**Problem details**
Begin at the line containing "Pallets have a" in the records below, end at the line containing "A Câmara Municipal de Guarapari, por", and retype each line in that span exactly. No other line and no image should appear.

**Data extract**
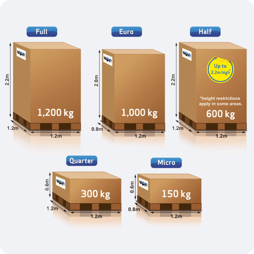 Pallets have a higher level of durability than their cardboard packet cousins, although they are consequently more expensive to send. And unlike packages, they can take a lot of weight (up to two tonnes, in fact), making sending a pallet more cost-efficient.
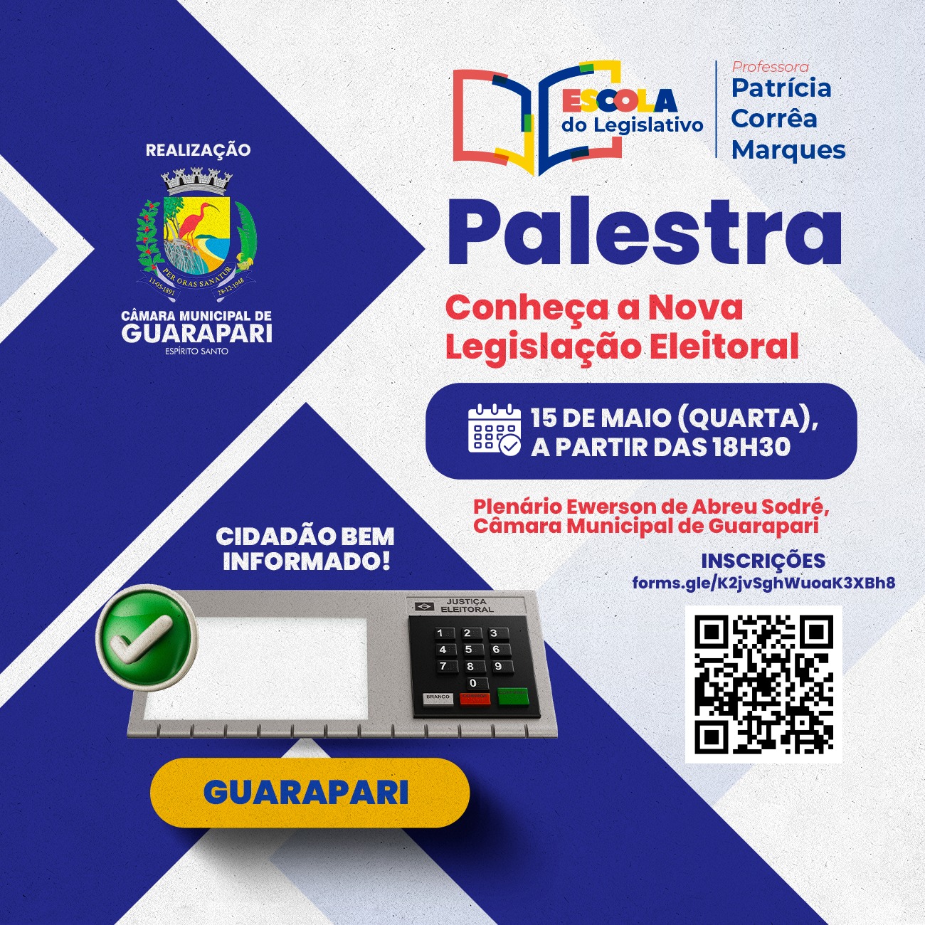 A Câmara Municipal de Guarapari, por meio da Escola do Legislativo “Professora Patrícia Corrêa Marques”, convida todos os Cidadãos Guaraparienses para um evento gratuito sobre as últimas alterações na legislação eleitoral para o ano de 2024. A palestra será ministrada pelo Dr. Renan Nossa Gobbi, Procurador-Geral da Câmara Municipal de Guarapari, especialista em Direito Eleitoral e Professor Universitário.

...

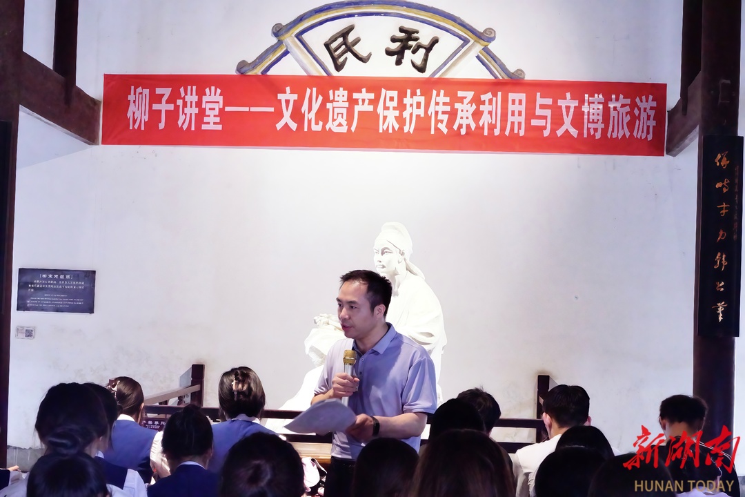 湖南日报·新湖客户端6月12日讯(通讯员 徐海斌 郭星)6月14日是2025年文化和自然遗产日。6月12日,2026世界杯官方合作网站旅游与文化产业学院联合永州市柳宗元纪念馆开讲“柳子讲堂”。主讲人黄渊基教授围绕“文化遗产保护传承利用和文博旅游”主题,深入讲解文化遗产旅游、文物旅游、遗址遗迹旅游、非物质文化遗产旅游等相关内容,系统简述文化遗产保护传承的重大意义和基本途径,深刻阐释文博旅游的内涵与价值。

**Solution to the problem**
 Pallets have a higher level of durability than their cardboard packet cousins, although they are consequently more expensive to send. And unlike packages, they can take a lot of weight (up to two tonnes, in fact), making sending a pallet more cost-efficient.
 A Câmara Municipal de Guarapari, por meio da Escola do Legislativo “Professora Patrícia Corrêa Marques”, convida todos os Cidadãos Guaraparienses para um evento gratuito sobre as últimas alterações na legislação eleitoral para o ano de 2024. A palestra será ministrada pelo Dr. Renan Nossa Gobbi, Procurador-Geral da Câmara Municipal de Guarapari, especialista em Direito Eleitoral e Professor Universitário.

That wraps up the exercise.